What is the number of irreducible polynomials, $p(x)$, of degree $2$ over $\Bbb F_q$, $q=p^n$?
Number of irreducible polynomials of degree $2$ over $\Bbb F_{p^n}$
-
0You could just list all the quadratics and then verify whether or not any elements of the finite field are zeros – 2011-04-09
2 Answers
Note that a polynomial of degree $2$ is "reducible" iff its roots are in the field. Let us count the reducible polynomials. First count the monic ones, for which the coefficient of $x^2$ is $1$ (then you can multiply your answer by $q-1$ to allow the coefficient of $x^2$ to vary).
So how many monic reducible polynomials of degree $2$ are there? If the roots are to be distinct, they can be chosen in $\binom{q}{2}$ ways. And there are in addition $q$ monic polynomials that have a double root. Now put all these facts together. Subtract your answer from the number $(q-1)(q)(q)$ of degree $2$ polynomials.
Here is a sketch of a solution that proceeds directly, instead of counting the complement. It has the serious disadvantage that it does not work in characteristic $2$. Also, it uses more machinery than the counting the complement approach, but perhaps it has some merit.
Look at the quadratic $ax^2+bx+c$. The coefficient $a$ can be chosen in $q-1$ ways. We will show that for every such choice, and every one of the $q$ possibilities for $b$, there are $(q-1)/2$ choices for $c$ that yield an irreducible quadratic.

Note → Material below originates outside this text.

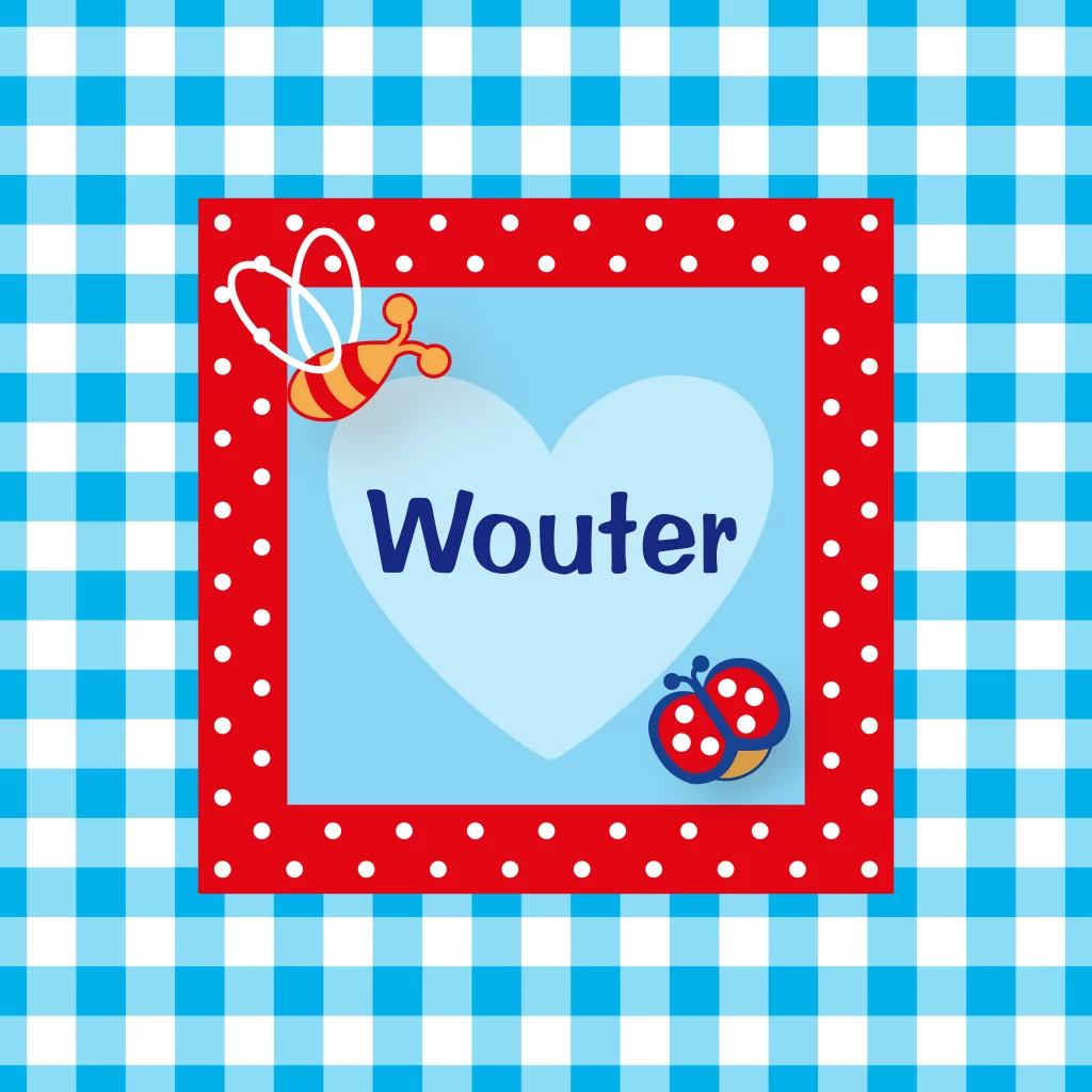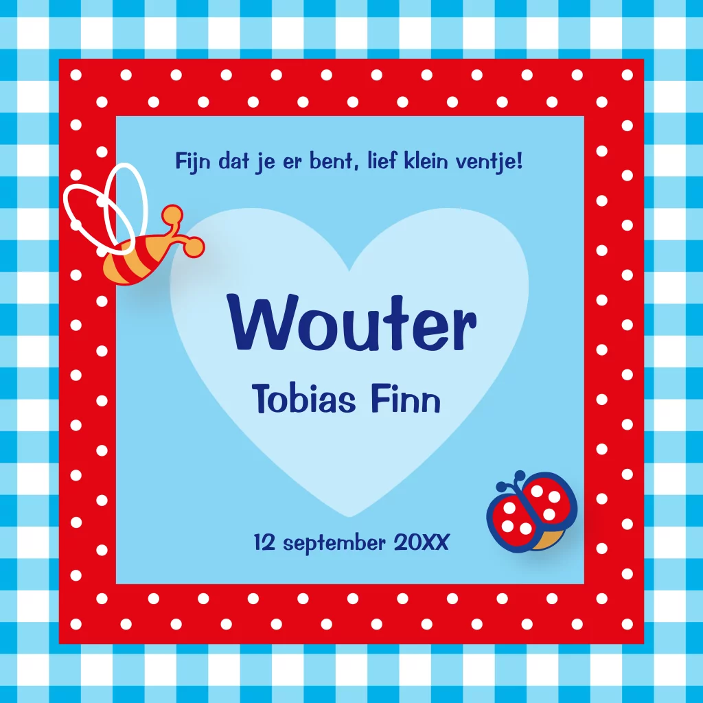 Trendy geboortekaart Wouter met ruitje en leuke sterren en stippen, een schattig bijtje en een lief lieveheersbeestje. Geboortekaartjes met ruitjes en stippen om zelf te maken bij JilleJille. Je kunt zelf ook de kleuren veranderen bij deze kaart voor stoer en hip jongetje.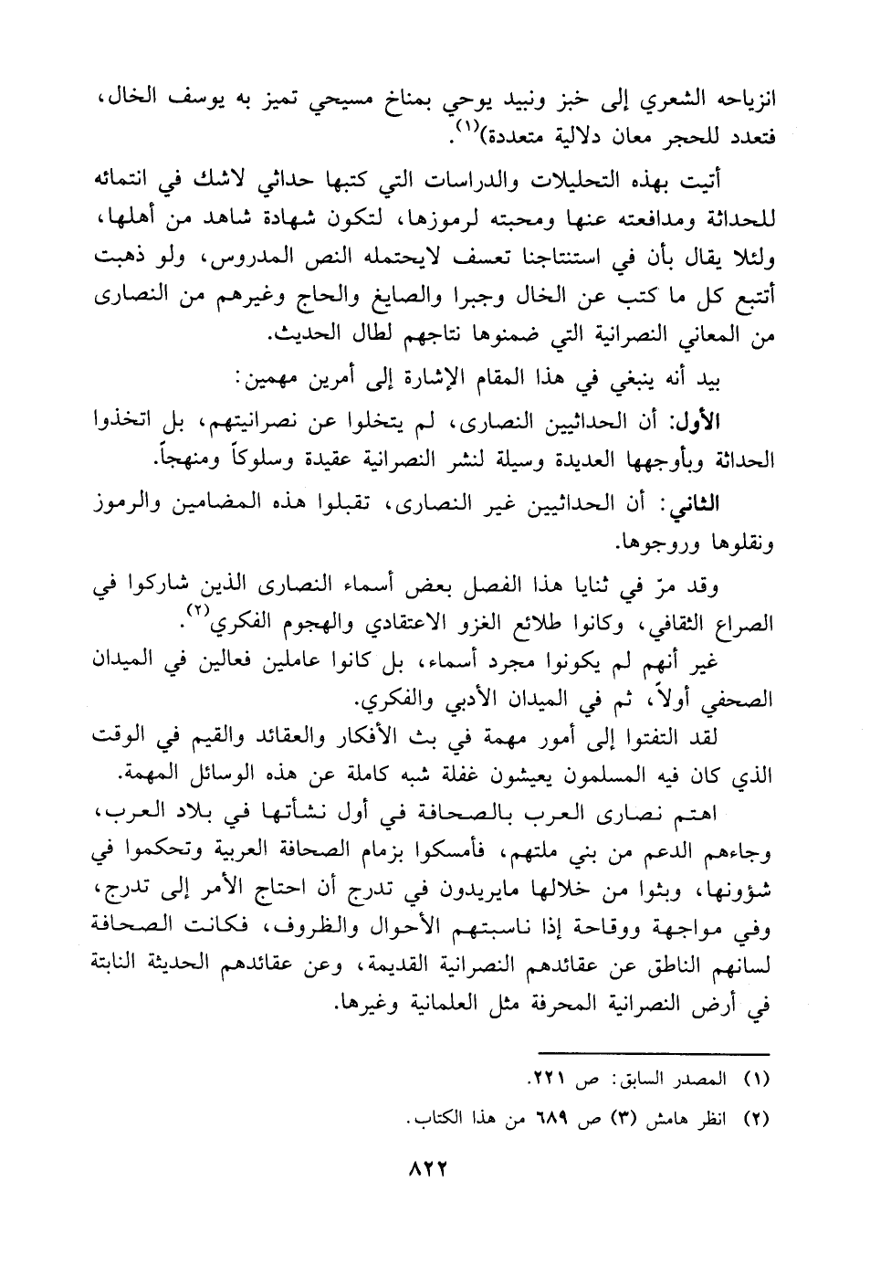 أتيت بهذه التحليلات والدراسات التي كتبها حداثي لا شك في انتمائه للحداثة ومدافعته عنها ومحبته لرموزها، لتكون شهادة شاهد من أهلها، ولئلا يقال بأن في استنتاجنا تعسف لا يحتمله النص المدروس، ولو ذهبت أتتبع كل ما كتب عن الخال وجبرا والصايغ والحاج وغيرهم من النصارى من المعاني النصرانية التي ضمنوها نتاجهم لطال الحديث.

The idea is that (for characteristic $\ne 2$) a suitably interpreted version of the quadratic formula gives the zeros, and that in particular the quadratic has no zero in the field precisely when the discriminant $b^2-4ac$ is not a square in the field.
So let $a$ be a fixed non-zero element, and let $b$ be arbitrary but fixed. As $c$ ranges over all the elements of the field, so does $b^2-4ac$. But exactly $(q-1)/2$ elements of the field are non-squares. This completes the argument.